Conclusion: The Dynamics of Demand and Supply

  • Demand/supply model forces in markets and can be used to estimate equilibrium quantity/price.
  • All other things being equal:
    • demand decreases with increasing price.
    • supply increases with increasing price.
  • There are different factors influencing supply & demand curves.
    • Elasticity.
    • Some shift the equilibrium on the curve.
    • Others move the entire curves.

Market forms

(Or: why monopoly bad?)

  • Typically, economists distinguish between three market forms.
    • Perfect competition: Many firms, many consumers.
    • Oligopoly: Few firms, many consumers.
    • Monopoly: One firm, many consumers.
  • The more competition a firm faces, the less market power it has.
  • Market power: ability to affect the price (through choosing a certain production level).

Notes:

  • Special form of Oligopoly is the Duopoly with two firms, something that we see later.

Market Form Examples

  • Monopoly:
    • Postal services in many European countries.
    • Railway services in many European countries.
  • Oligopoly:
    • Cloud provider (AWS, Google, ...)
    • Mobile phone service.
  • Perfect Competition:
    • Consumer products with low barrier to entry (e.g., kebab stand in Berlin, espresso bar in Italy)

Why discuss this?

  • Current web2 landscape consists of several firms with a lot of market power in their respective market segment.
  • We want to understand, from an economic perspective, why too much market power is not a good thing.

Perfect Competition

  • Under perfect competition ...
    • there are so many firms that a single firm's production quantity does not affect market price.
    • the marginal costs (cost of one additional unit) of production equals the market price.
    • firms have 0 profit.

Notes:

  • This makes sense: The firm produces up to the point where an additional unit costs exactly what it gets for it on the market.
  • Notice that having the market price be equal to the marginal production costs is pretty surprising, as it is ideal from a point of view of society welfare, even though every firm is acting selfishly.
  • In this perfect world, firms will have zero economic profit, meaning they make just enough money to cover production costs and keep the company running.

Monopoly

  • Monopolist: single seller of the good or service, serves the entire market.
  • Market characterized by a high barrier of entry (e.g. big investment, legal restrictions).
  • Monopolist is therefore sole price-setter and serves only to maximize their own profits.
  • This leads to sub-optimal pricing and sub-optimal society welfare: consumers either pay more than they should ("monopolist tax") or are excluded from market.

Oligopolies

  • Oligopolies are somewhere between monopolies and perfect competition.
  • Because of the competition between firms
    • prices are lower, and
    • overall market participation is higher.

What did we learn?

  • Markets differ in how much market power the firms possess.
  • Economics typically distinguishes between three forms (ordered by increasing market power):
    • Perfect competition: many firms in the market.
    • Oligopoly: few firms in the market.
    • Monopoly: one firm in the market.
  • The problem of monopoly is the result of an inefficiently high price.

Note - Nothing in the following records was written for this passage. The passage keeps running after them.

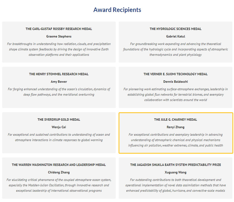 美国气象学会(AMS)是一个致力于推进大气及相关科学的专业组织。该学会每年颁发奖项和荣誉,以表彰在这些领域中作出卓越贡献的科学家。张人一教授所获得的Jule G. Charney 奖是美国气象学会最高奖,颁发给世界范围内大气科学和水文科学领域中取得杰出成就的个人。
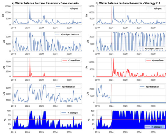 Water balance for the Lautaro Reservoir for (a) base scenario and (b) strategy 2.1, reflecting the impermeabilisation of 100% inundated surface after a 5 year period (vertical red dotted line).
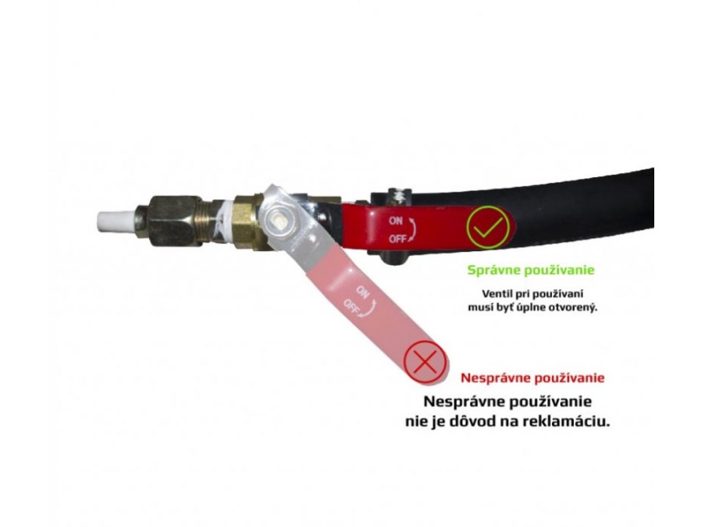 Dôležité! Počas práce musí byť ventil vždy otvorený úplne. Nikdy neotvárajte ventil len z časti, pretože dôjde k jeho poškodeniu, ktoré nemôže byť predmetom reklamácie.
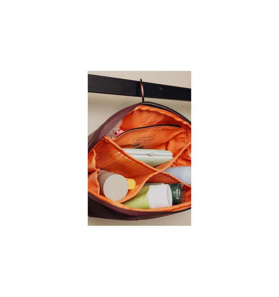 • En su interior, una red de bolsillos de malla de nailon con recubrimiento TPU, un bolsillo interno con cremallera y un compartimento magnético para el cepillo de dientes mantienen todo organizado y limpio.
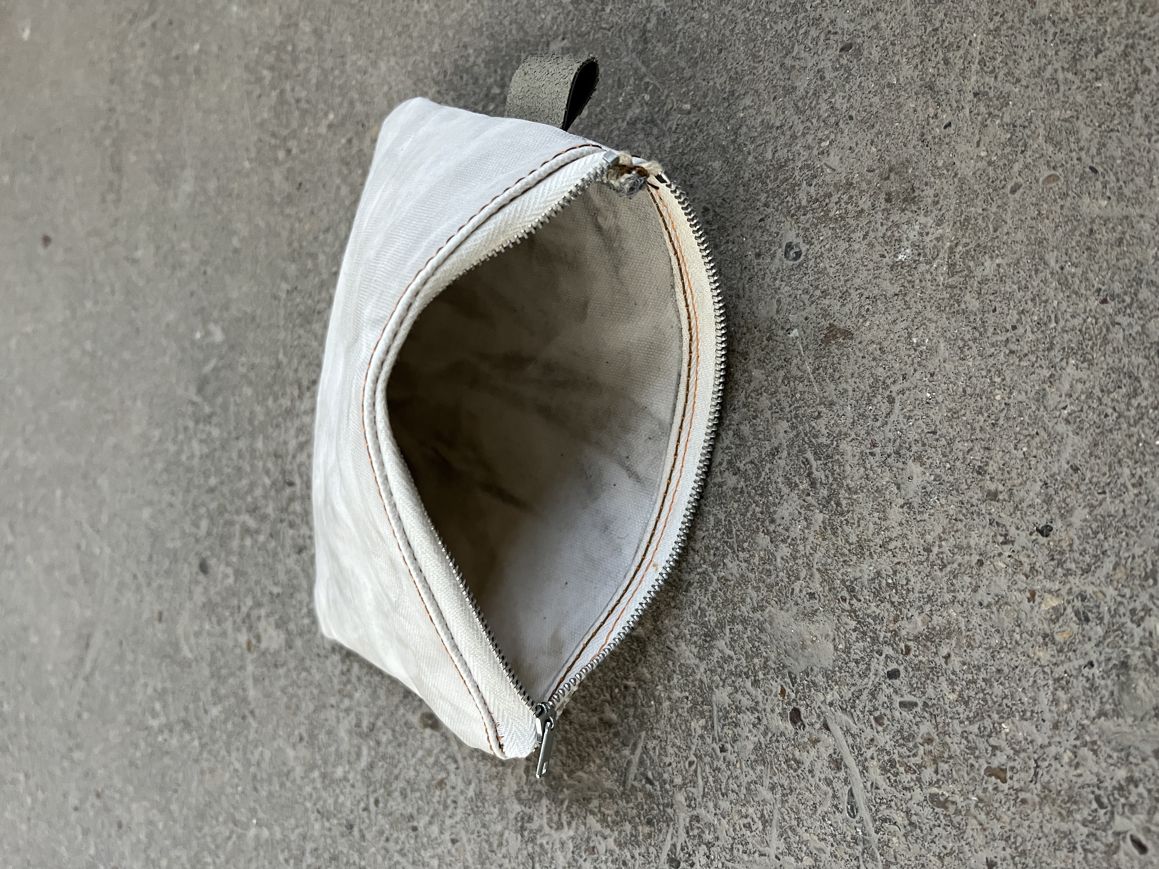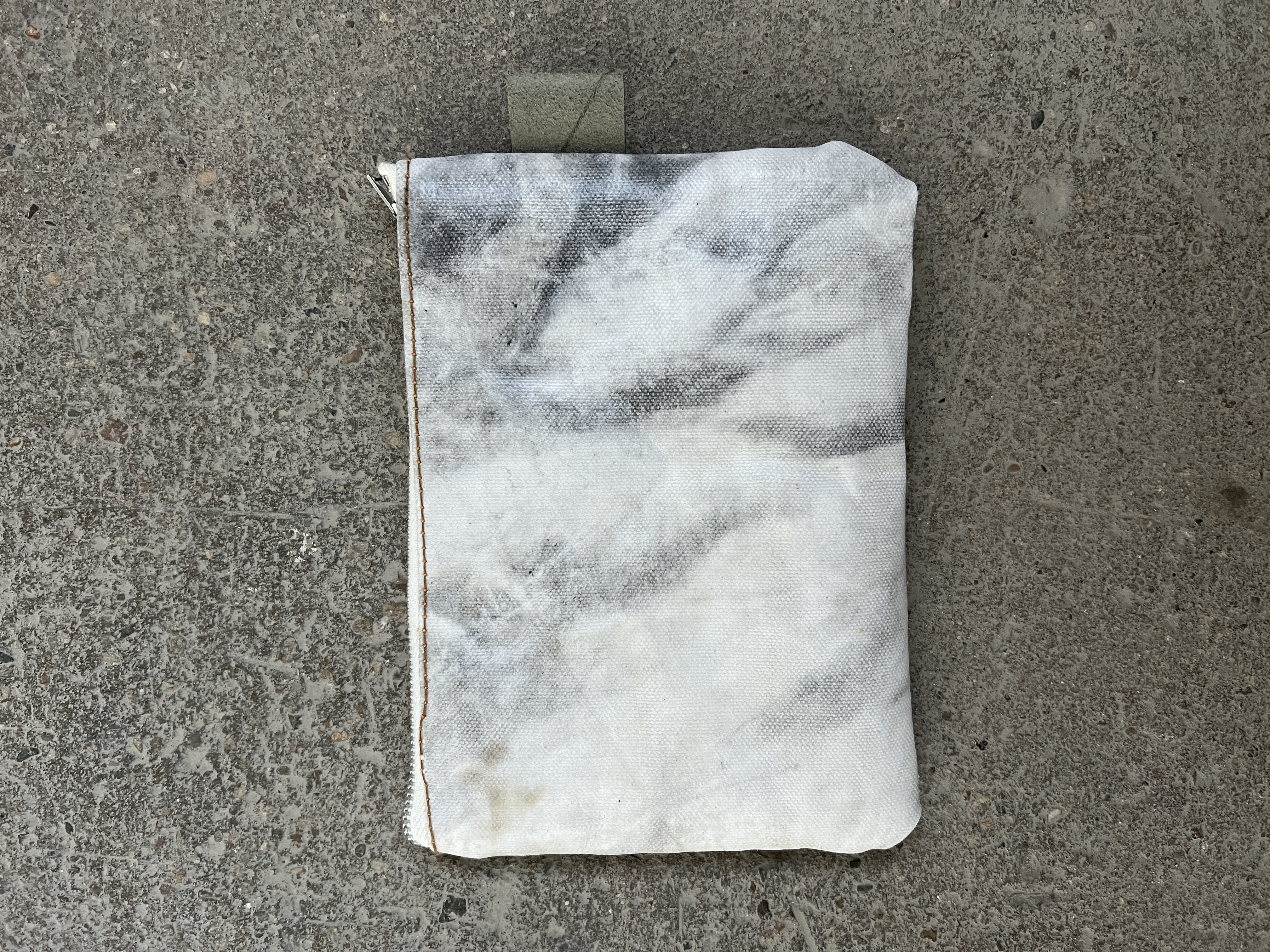 Two Panel Pencil case constructed from Plasticized heavyweight canvas soaked in iron for three months. Canvas then suspended between two layers of heavyweight canvas.

Economics of Specialization

(or: why bother trading at all?)

It is the maxim of every prudent master of a family, never to attempt to make at home what it will cost him more to make than to buy.
-- Adam Smith, 1776 --

Notes:

  • In this part, we take a closer look at the following concepts:
    • Comparative advantage.
    • Opportunity costs.
    • Gains from trade.

The economic question

  • Empirical puzzle: many countries trade even though one has an absolute advantage in producing many of the traded goods.
  • E.g., the US is well-equipped to cheaply produce both
    • complex computer chips, and
    • agricultural goods (e.g., potatoes).
  • However, the US specializes in producing the former and importing many agricultural goods.
  • Question: Why do countries specialize; why do they trade?

Comparative advantage

  • Consider the following example:
    • Suppose Alice can produce 10kg of meat and 20kg of potatoes per hour.
    • Suppose Bob can produce 2kg of meat and 10kg of potatoes per hour.
  • Alice has an absolute advantage over Bob at producing both goods.
  • BUT, Alice has only a comparative advantage over Bob at producing meat.
    • Alice has lower opportunity costs of producing meat (in terms of foregone potatoes).
    • That is, to produce one kg of meat Alice gives up much less produced potatoes than Bob would.
  • By the same observation, Bob has a comparative advantage at producing potatoes.

Notes:

  • Comparative advantage of meat:
    • Opp. cost Alice: 1kg meat = 2kg potatoes
    • Opp. cost Bob: 1kg meat = 5kg potatoes
  • Comparative advantage of potatoes:
    • Opp. cost Alice: 1kg potatoes = 1/2kg meat
    • Opp. cost Bob: 1kg potatoes = 1/5kg meat

Comparative advantage II

  • If both focus on their comparative advantage, then total welfare is higher than in a situation of autarky!
  • Why?
    • Suppose both require both meat and potatoes.
    • Situation A - Autarky: both divide their time equally between producing meat and producing potatoes.
    • Situation B - Trade: Alice focuses most of her time to produce meat and some to produce potatoes, while Bob focuses only on producing potatoes.
    • Total production of meat and potatoes is higher in Situation B!
  • Specialization result: With trade, both are both better off than in Situation A.

Notes:

  • Assume one working day with one worker (8 hrs).

  • Autarky:

    • Alice: 4hrs _ 10 meat, 4hrs _ 20 potatoes = 40 meat, 80 potatoes
    • Bob: 4hrs _ 2 meat, 4hrs _ 10 potatoes = 8 meat, 40 potatoes
  • Trade:

    • Alice: 5hrs _ 10 meat, 3hrs _ 20 potatoes = 50 meat, 60 potatoes
    • Bob: 0hrs _ 2 meat, 8hrs _ 10 potatoes = 0 meat, 80 potatoes
    • Alice could trade 9 meat for 30 potatoes:
      • Alice: 41 meat, 90 potatoes
      • Bob: 9 meat, 50 potatoes

Absolute vs Comparative Advantage

  • Alice can produce both meat and potatoes more efficiently than Bob - this is an absolute advantage.
  • However, the choice to specialize isn't just about absolute production efficiency.
  • What matters for trade is which good Alice can produce at a lower opportunity cost - this is comparative advantage.

Notes:

  • What does that tell us about daily life?
    • Stick with what you are good at: It's often good to stick things where you have a comparative advantage: For example, assume you are a great software engineer with a job that has a high salary, but you also want to help clean up the ocean. Instead of giving up your job and go clean the ocean, you might want to allocate some of your salary to ocean cleanup, having a larger effect.
    • Realize that absolute advantage is not allOnly because one co-worker has a total advantage in two dimensions of the job, another co worker can still have the comparative advantage in one of the tasks.
    • Question: What are your opportunity costs of being here?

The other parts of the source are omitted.